Experimentally evoked pain in people with AD demonstrates that despite cognitive impairment and a reduced ability to effectively communicate, individuals with AD experience pain similar to or more unpleasant than cognitively intact older adults. This may mean amplified pain unpleasantness in people with AD.

Implications for practice:

Our current best practices need to be widely disseminated and put into clinical practice. Self-report of pain continues to be the gold standard, but it is ineffective for noncommunicative patients and those unable to understand pain scales or instructions because of memory/cognitive impairment. Instead, pain treatment should be ethically initiated based on patient reports and behaviors, caregiver/surrogate reports, review of the medical record for painful conditions, analgesic trials, and regular reassessments.
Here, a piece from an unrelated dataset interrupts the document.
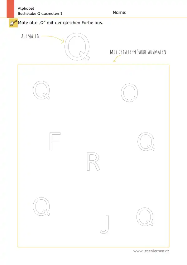 Arbeitsblatt zum Ausmalen und Erkennen des Großbuchstabens Q

Keywords: Alzheimer disease, dementia, pain, psychophysics, review

Background:

Approximately 50% to 75% of people living with Alzheimer disease (AD) and related dementias experience pain regularly (Corbett et al., 2012; de Tommaso et al., 2016). This represents substantial numbers because there are 5.8 million people with AD in the United States (Alzheimer’s Association, 2020) and more than 50 million with dementia worldwide (Alzheimer’s Disease International, 2019). Clinicians have struggled to assess the complex, subjective phenomena that comprise the pain experience in people who are cognitively intact (Denny & Guido, 2012). This struggle becomes increasingly profound as cognition declines (Monroe & Mion, 2012), and pain is underrecognized and undertreated in people with AD (Cravello et al., 2019; Hadjistavropoulos et al., 2014). A recent review found that many nurses were not adequately educated in pain recognition or use of pain assessment tools for people with dementia (May & Scammell, 2020). Also concerning is that existing guidance regarding pain in dementia has not been widely implemented into clinical practice (Jennings et al., 2018) and is not included in annual reports from major AD/dementia and pain organizations (Anderson et al., 2020).
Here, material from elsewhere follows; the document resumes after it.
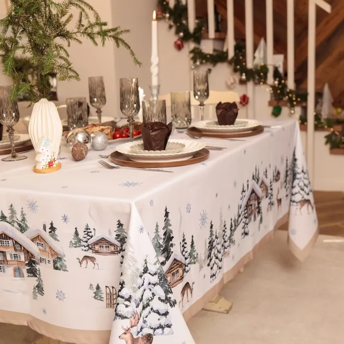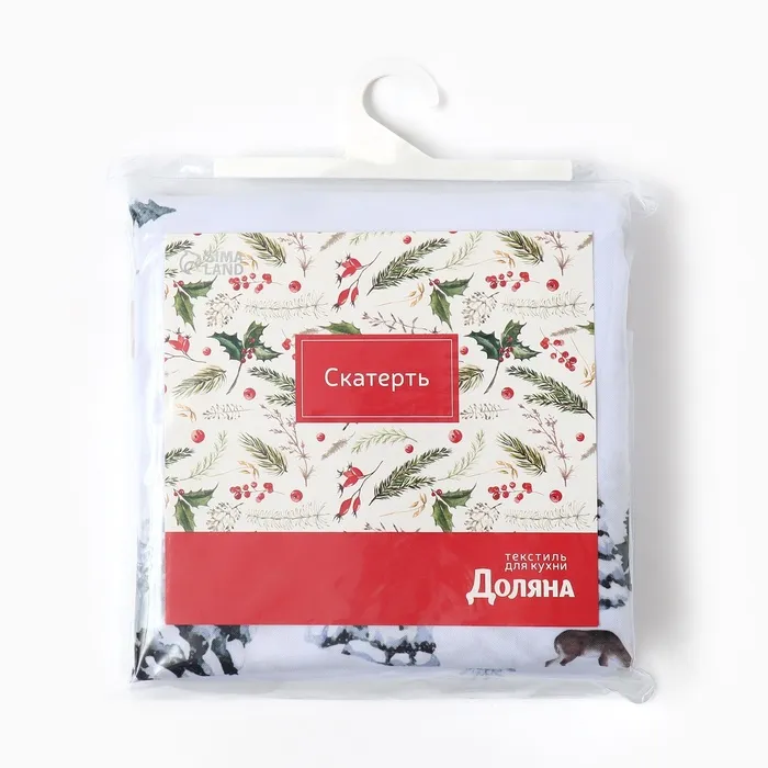 Скатерть новогодняя Доляна "Зимний лес" 145*215 +/- 3 см, 100% п/э — Характеристики

One method of building the knowledge base needed by clinicians to evaluate pain in AD is to conduct studies that use experimental pain induction to measure psychophysical data. Psychophysics involves noxious stimuli with corresponding pain reports, which has a long history of successful use in human pain studies (Rainville et al., 1992). One important advantage of using psychophysics is that the experimental pain stimuli can be tightly controlled, making individual subject comparisons more homogenous (Monroe et al., 2017). Because they provide mechanistic properties of the pain experience (Rainville et al., 1992), experimental pain studies hold high translational relevance and can lead to clinical interventions studies that change practice.

The American Nurses Association (ANA) uses McCaffery pain definition of “whatever the experiencing person says it is, existing whenever he says it does” in their position statement (ANA, 2018, para. 2), and the American Society for Pain Management Nursing (ASPMN) supports this ANA position statement (ASPMN, 2020). Many elements contribute to the pain experience, including culture/race/ethnicity, past experiences, contextual factors, biological sex, gender, genetics, depression, and anxiety (Coghill, 2010; Rahim-Williams et al., 2012). The processes that are memory based are likely altered in people with cognitive decline (Beach et al., 2017).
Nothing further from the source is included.